Tuesday, November 19, 2013

Weightless.

I have so much better words to write about in the seat of a moving car, than when I am staring at a paper or a screen. How diminishing my inspiration to be looking back at their impatient eyes.

There is just something very eloquent about the passing drivers, the rolling clouds, and the tress that run away too quickly.

(Here's an attempt at recreating said essay from this morning's drive) (TBE if I remember more)

--

Sometimes I hate it so much just simply being around you.

How you make me feel so small beneath your gaze, as you look down upon me. How short I become, how shallow my waters: from the surface where it ripples you see through me to the core of my sandy dunes, and polluted sea bed.

You are the deepest trench of the deepest ocean: how petty it is that the smallest of you that crashes to the shore becomes only almost of what I fully am.

I hate being around you.

You, with the world you boast on your shoulders, the past you gloat on your smile, and the future you praise in your eyes - how wonderful, as compared to I.

What about me?

Me, I am nothing.

Only a fickle breath to breeze that wipes off trees, and rooftops; I am merely a whisper whose words forever remain unspoken; I am so very little to you. 

When you tip the scale with the weight of your poise and your glisten, on the other end, I dangle desperately, fumbling my fingers over its creaking edge.

I am as light as a feather. I am bustled away by the wind that blows, landing only softly on the shoulders of strangers, only to be shrugged away: to dance again in the whistles I am unable to battle.

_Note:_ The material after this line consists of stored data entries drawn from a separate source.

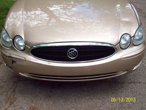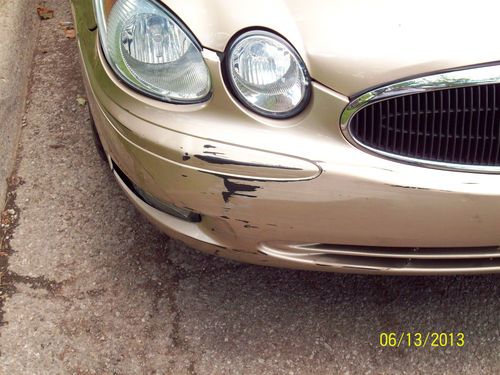 This is a beige 2005 Buick Lacrosse with 126,000 miles. It has a V6 3.8 engine. The rack and pinion needs to be replaced at some point, but there are no other mechanical issues. It has a new battery that is less than a month old. Other than a whirling noise from the rack and pinion, the car runs great. The whirling noise isn't even noticeable unless you're turning the wheel. This was my sister's first car; she acquired a few light scratches and dents and she even managed to hit a pole at one point, so there is a crack near one of the headlights. Luckily I got ahold of the car before she could do more damage! :-) Other than these minor cosmetic issues, it runs great, so it really is a steal. Take a look at the pics and let me know if you have any questions. Also, if your feedback score is less than 10, please contact me personally. Thanks!
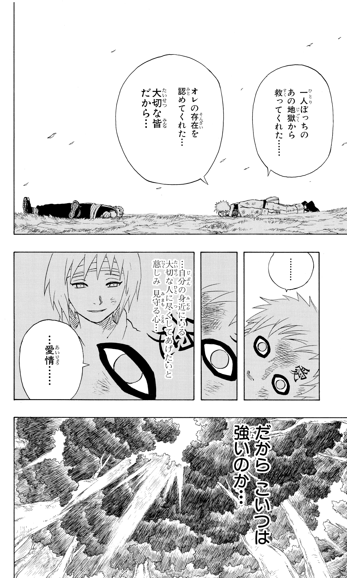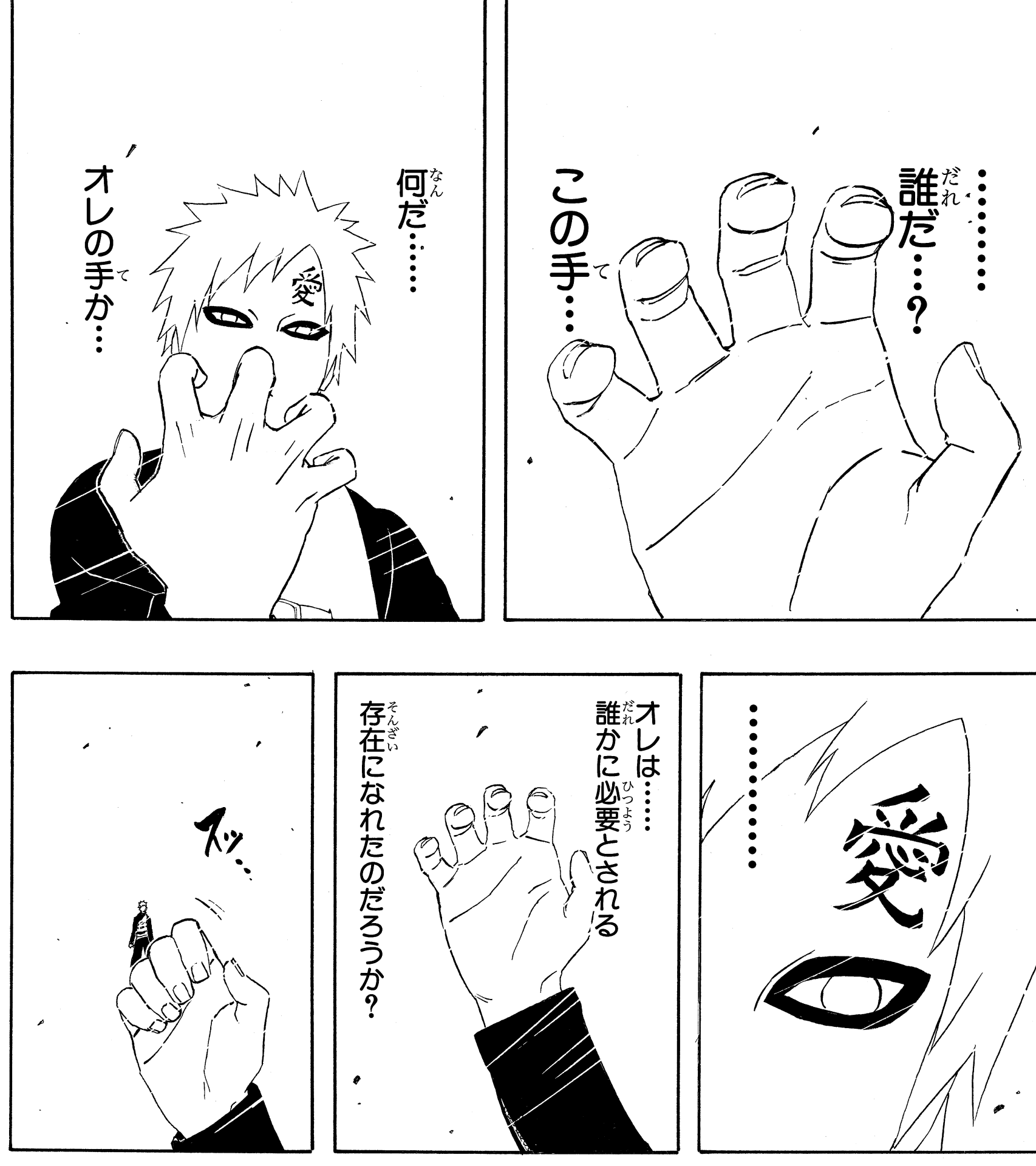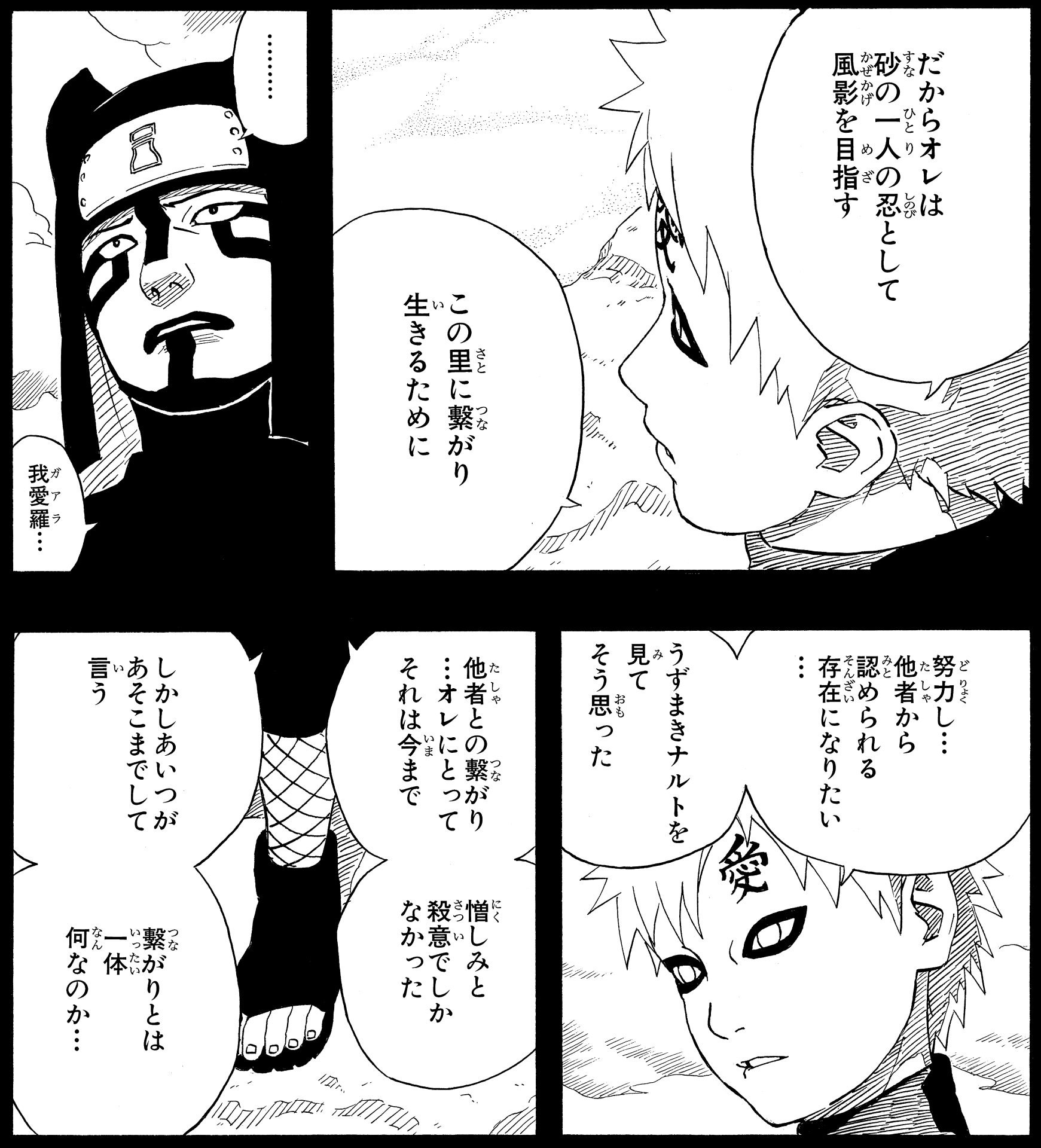 Réalisant que la clé de la force de Naruto était l'« amour », les mots de Yashamaru revinrent à l'esprit de Gaara.
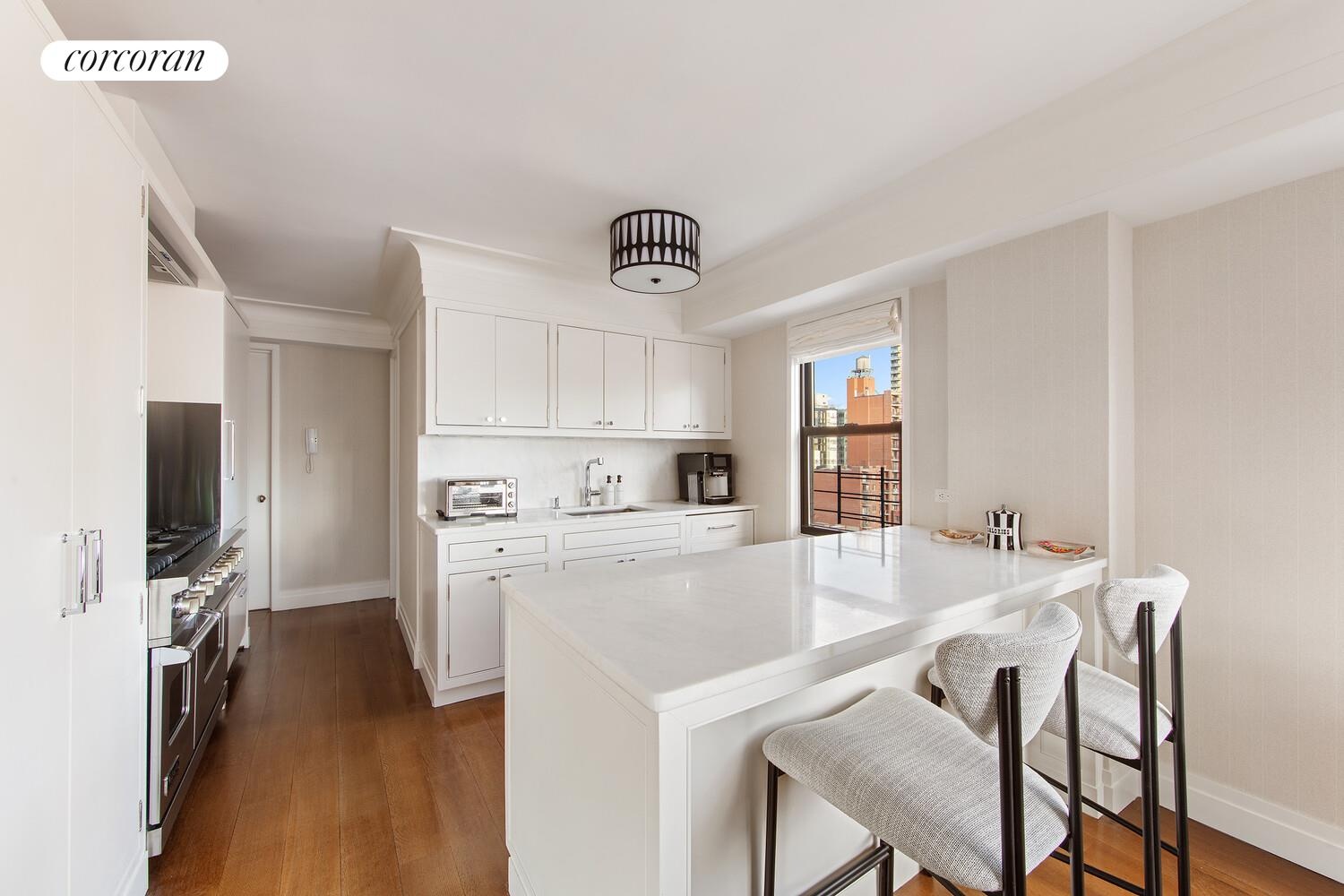 The kitchen is equipped with a Viking six-burner range with griddle and double ovens, Sub-Zero refrigerator, Miele dishwasher, and Wolf microwave drawer. Marble countertops and backsplash, substantial cabinetry, and counter seating complete the space. A full windowed bath is located directly off the hall beside the kitchen.
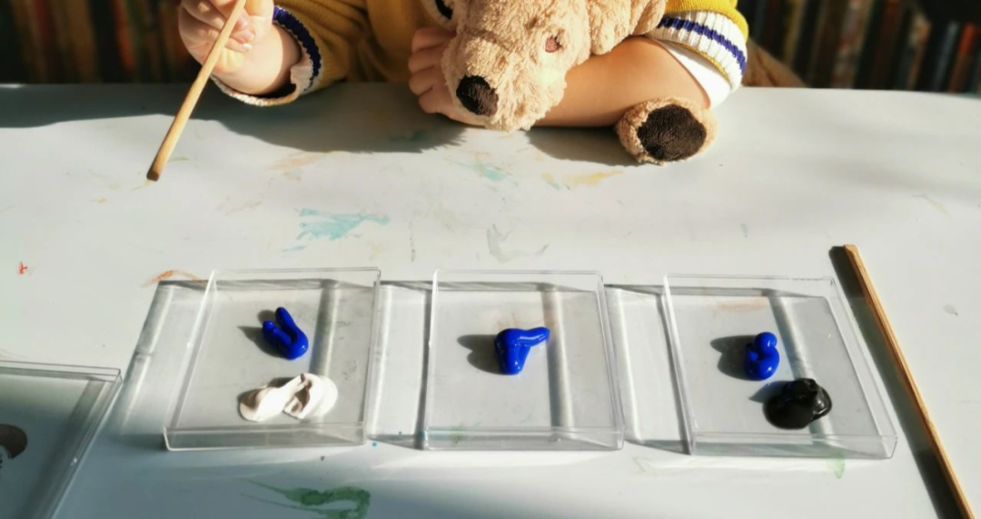 请孩子随意挑选一种颜色,通过加入黑色颜料和白色颜料,来改变颜色的深浅。
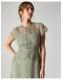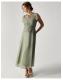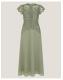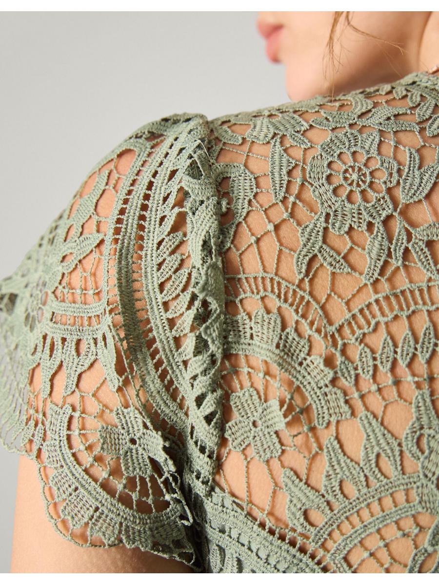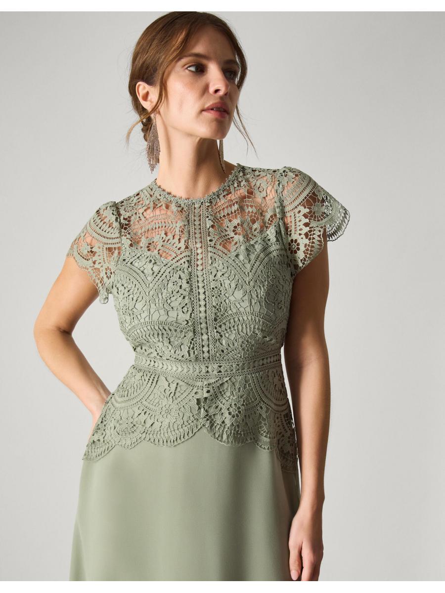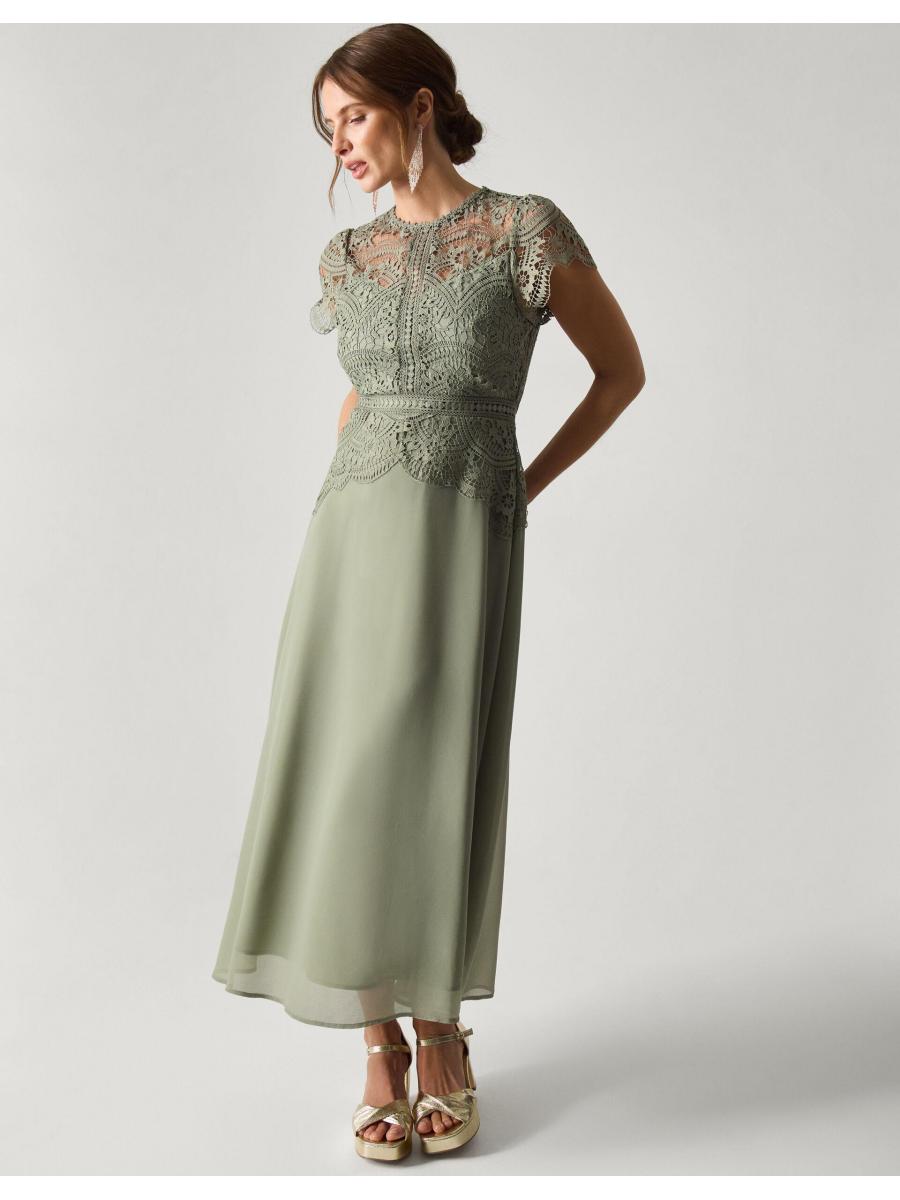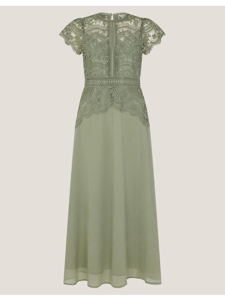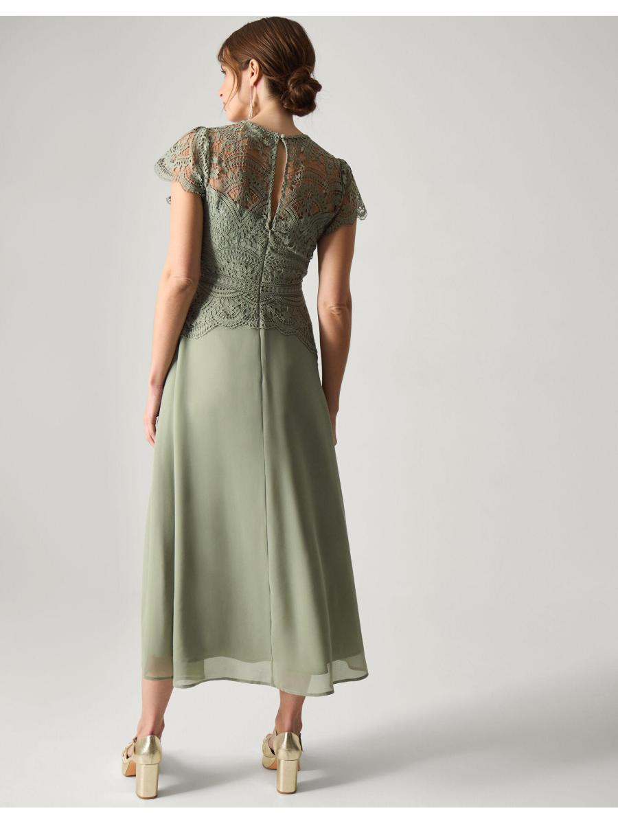 The things you can do with a little bit of lace. The dress that floats down the aisle—and into the reception, find intricate, floral lace that spills over the décolletage and flutter sleeves. We've lined the dress from the sweetheart neckline down, with a defined waist and midi skirt that swishes just the right amount. Fastens with a keyhole button and discreet zip. Green

All this, while you - darling, you are everything: the galaxy and the universe. And if not the purples and blues of the atmosphere, then you are at least the sun: how you orbit the planets, how you gravitate the Earth, and how you may offer light to even the nighttime by lending yourself to the moon.

You - you are a proud lion, with glorious mane, and golden body - your roar quakes my gravity.

How can I ever be anything compared to you?

This feather, whom you may pick and prod at, and peel away my furry bits, to leave me bare and naked like a fish bone: seamless, and almost blinded - you see me only to pry me away from your blistered throat, and toss me to the floor, to clatter to absolutely no noise at all.

How small I am.

If I were to get lost in space, there would be no end. Or no beginning either. Only empty wandering amid the air I cannot even breath in; levitating in the world you have created around me.

The stars may be so far, and seem so small: but no matter how close I may ever get, I always lie a little further. Because there is no greater distance, than the silence we have, between you and I.